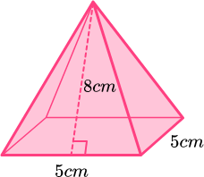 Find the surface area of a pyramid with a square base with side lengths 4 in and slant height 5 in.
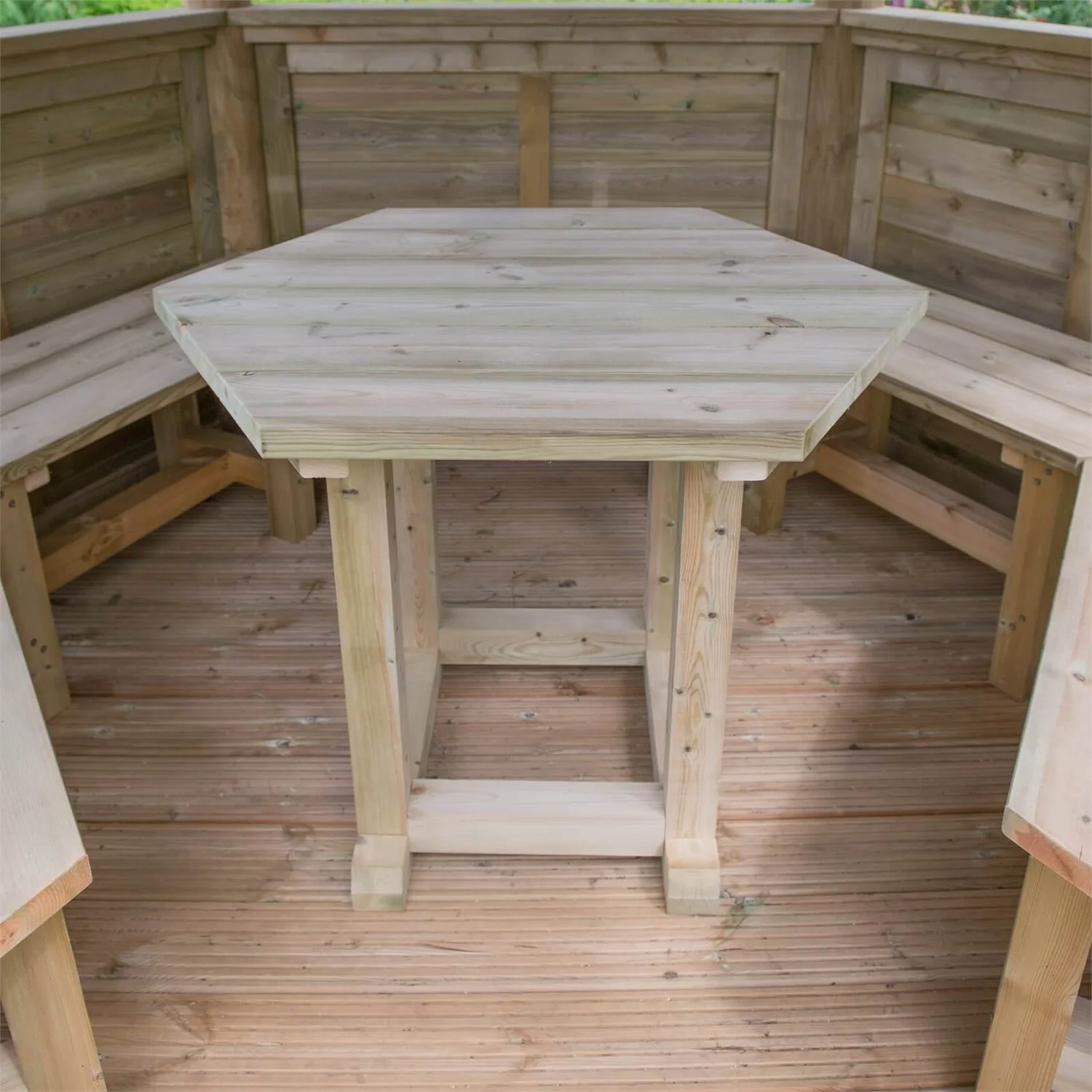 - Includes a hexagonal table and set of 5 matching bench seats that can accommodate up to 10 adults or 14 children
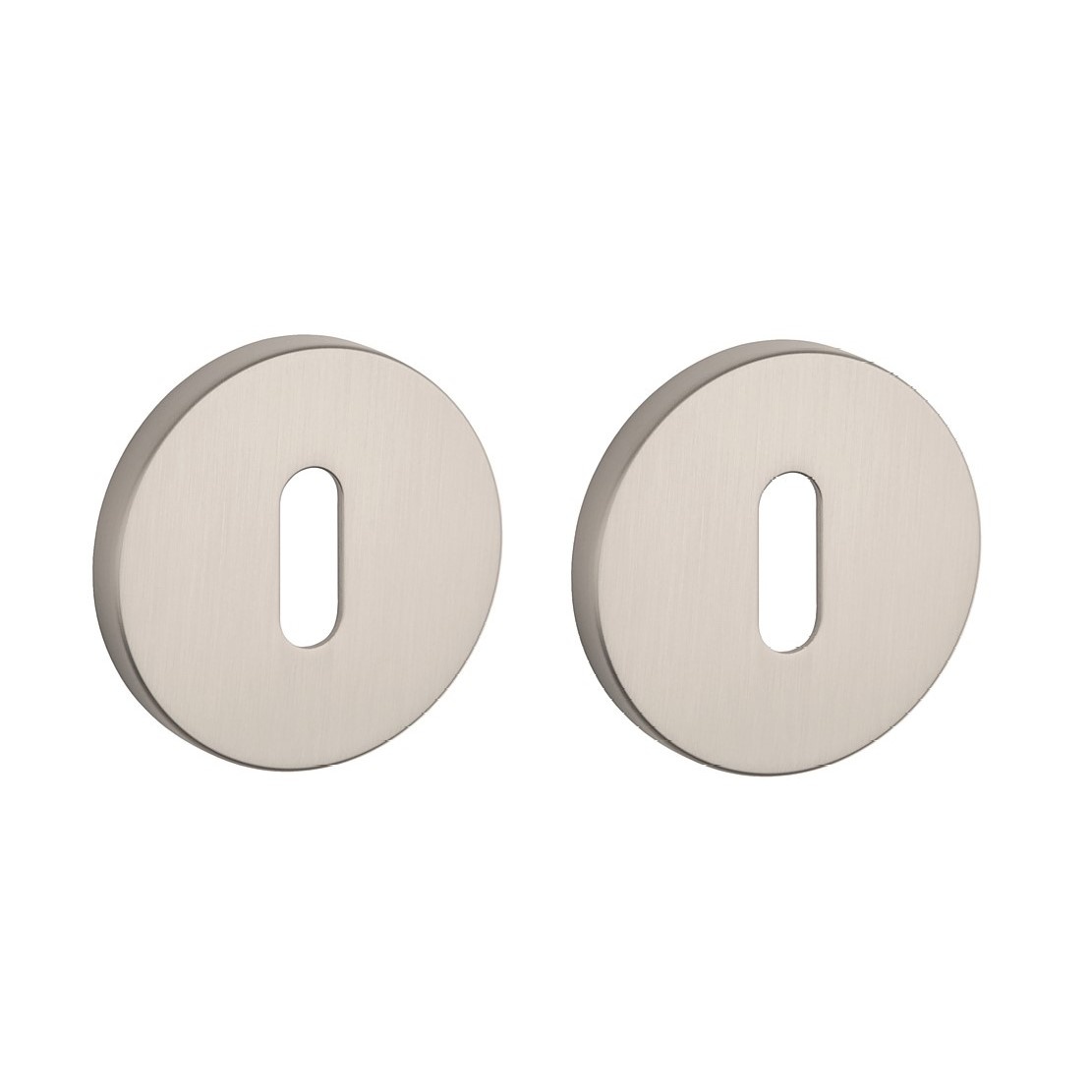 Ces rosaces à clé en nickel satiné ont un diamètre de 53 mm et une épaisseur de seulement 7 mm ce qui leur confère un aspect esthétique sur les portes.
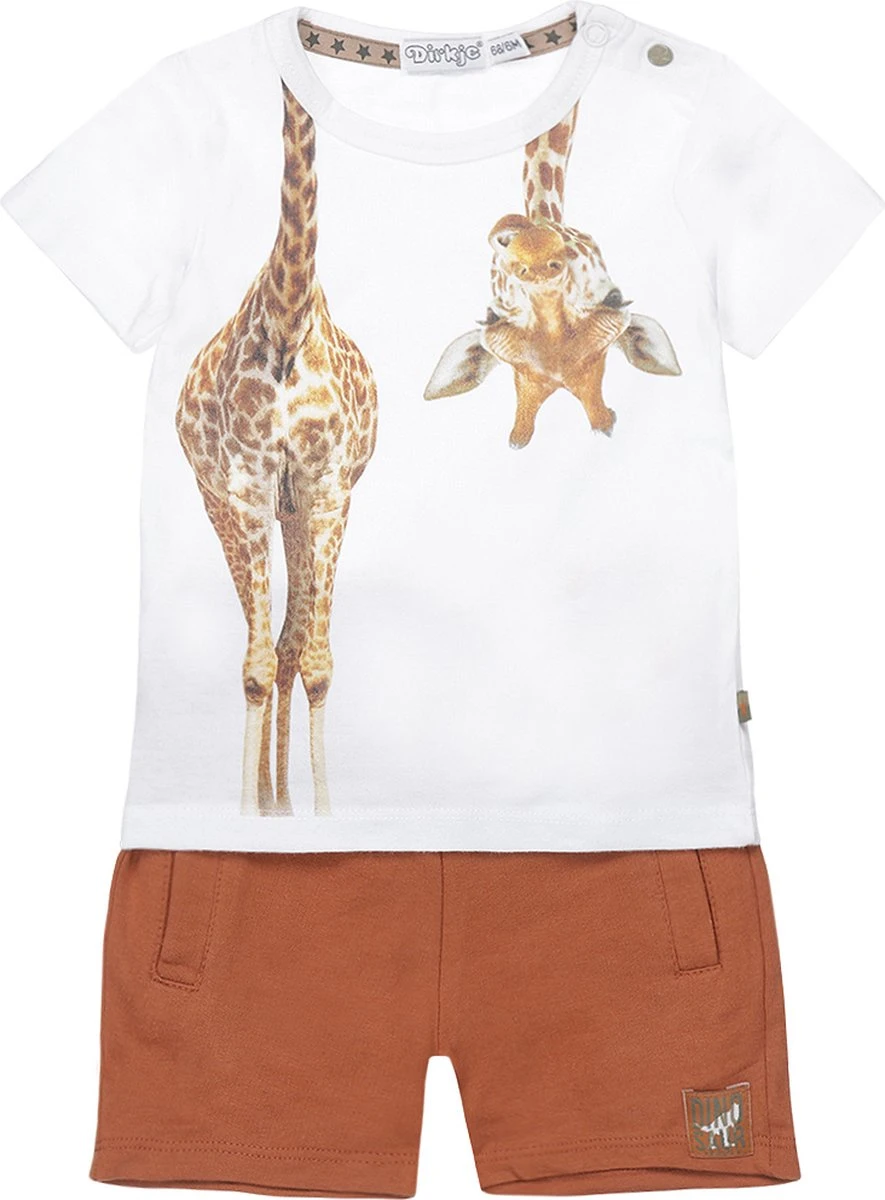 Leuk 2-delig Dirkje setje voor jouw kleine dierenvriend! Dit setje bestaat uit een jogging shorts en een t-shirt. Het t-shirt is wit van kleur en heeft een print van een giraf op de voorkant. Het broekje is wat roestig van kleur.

TASK OBJECTIVE: Return the material from above in full, exactly as written, with the pictures omitted.

ANSWER TO THIS TASK:
 Find the surface area of a pyramid with a square base with side lengths 4 in and slant height 5 in.
 - Includes a hexagonal table and set of 5 matching bench seats that can accommodate up to 10 adults or 14 children
 Ces rosaces à clé en nickel satiné ont un diamètre de 53 mm et une épaisseur de seulement 7 mm ce qui leur confère un aspect esthétique sur les portes.
 Leuk 2-delig Dirkje setje voor jouw kleine dierenvriend! Dit setje bestaat uit een jogging shorts en een t-shirt. Het t-shirt is wit van kleur en heeft een print van een giraf op de voorkant. Het broekje is wat roestig van kleur.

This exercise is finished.